On Tuesday July 12th, the U.S. Food and Drug Administration Oncologic Drugs Advisory Committee (ODAC) unanimously endorsed Novartis’s anti-CD19 CAR-T therapy (tisagenlecleucel, “CTL019”). This was a significant milestone in realizing the promise of engineered T-cell therapy, and it is likely that engineered T-cells targeting CD19 could be the first gene therapy approved for human use in the U.S.
This endorsement represents not only confidence in engineered T-cell therapy as an important new therapeutic modality in oncology, but also – importantly - confidence in the potential to manufacture a T-cell therapy as a commercial product given that Novartis has enabled multi-national pivotal trials with this technology.
At Adaptimmune, we were particularly excited given the importance of the clinical data for the field of T-cell therapy, and the fact that the processes used by Novartis and Adaptimmune were both developed at the University of Pennsylvania (UPenn) and share many common elements including use of a lentiviral vector as well as proprietary use of Thermo Fisher Scientific’s CD3/CD28 DynabeadsTM. In addition, many here at Adaptimmune played important roles in the development of tisagenlecleucel including our Chief Technology Officer, Gwendolyn Binder, who was instrumental in opening the original study at UPenn, and our Senior Vice President of Bioprocessing, Mark Dudley, who led the transition of tisagenlecleucel to commercial-readiness at Novartis.
Adaptimmune’s SPEAR T-cell platform differs from the CAR-T approach by using optimized, affinity enhanced, engineered T-cell receptors (TCRs) to target intra- and extracellular cancer antigens. This potentially enables access to a broad range of difficult to treat malignancies, including solid tumors. As recently presented at ASCO, our initial clinical data in synovial sarcoma with NY-ESO SPEAR T-cells demonstrate the effect of our proprietary SPEAR T‑cell platform in a solid tumor (http://ir.adaptimmune.com/phoenix.zhtml?c=253991&p=irol-newsArticle&ID=2276855).
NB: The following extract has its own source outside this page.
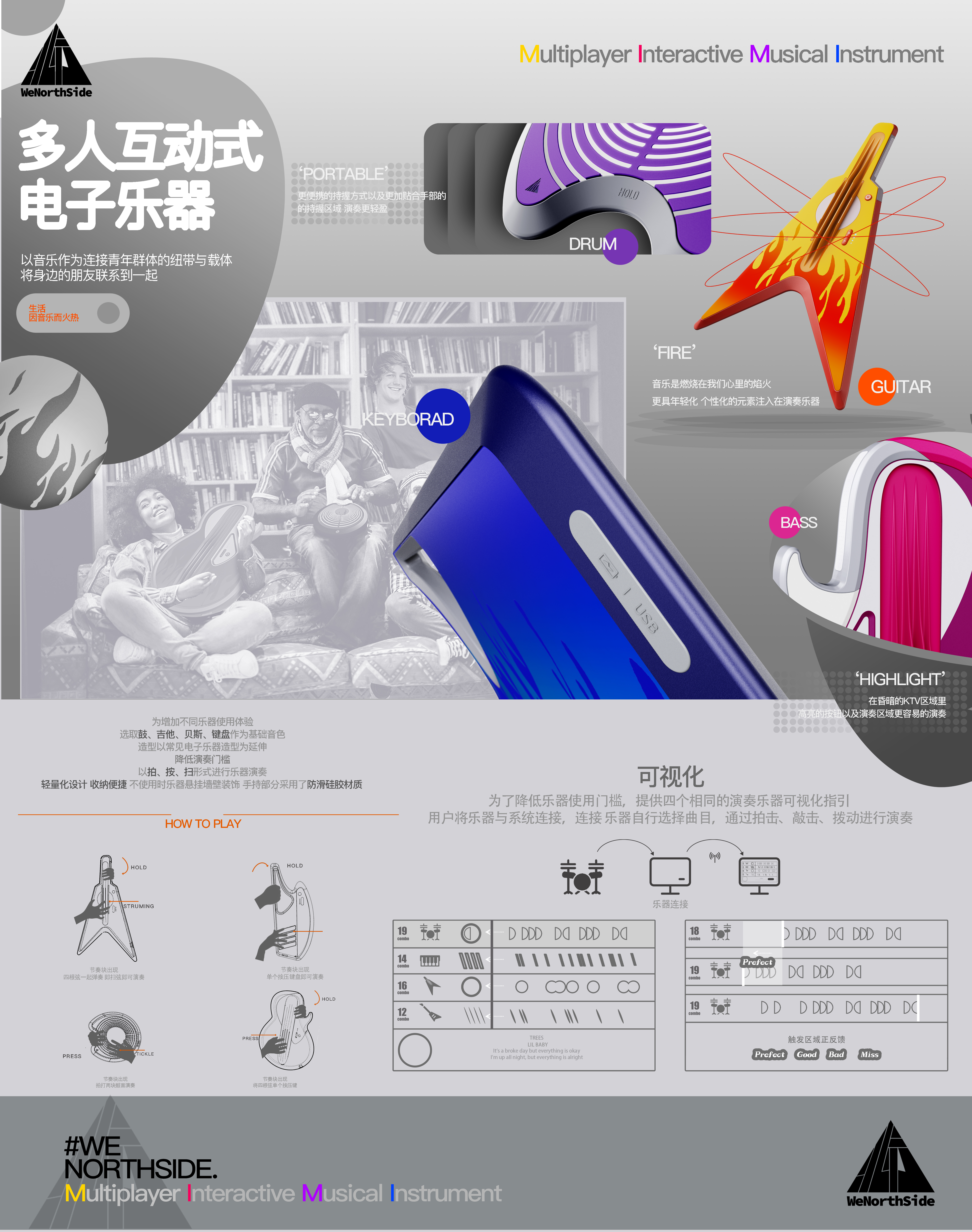 多人互动式电子乐器以音乐作为连接青年群体的纽带与载体将身边的朋友联系到一起,为了降低乐器使用门槛,提供四个相同的演奏乐器可视化指引 用户将乐器与系统连接,连接 乐器自行选择曲目,通过拍击、敲击、拨动进行演奏。
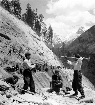 逢山开路,遇水架桥。10多万人的筑路大军克服高原缺氧、天险阻隔、物资匮乏等不利条件,靠着简陋的工具,以“让高山低头,叫河水让路”的英雄气概,开始了征程。

We also have active clinical trials with our wholly-owned assets targeting MAGE-A10, MAGE-A4, and AFP, which are enrolling patients in 8 different solid tumor types including non-small cell lung cancer, ovarian cancer, and hepatocellular carcinoma with initial data expected in 2017 and 2018.
Our pipeline of products have the potential to be the next generation of engineered T-cell therapy to treat a wide-range of otherwise untreatable cancers, including solid tumors, and the recent favorable outcome for Novartis is an encouraging milestone in delivering engineered T-cell therapies to patients in need.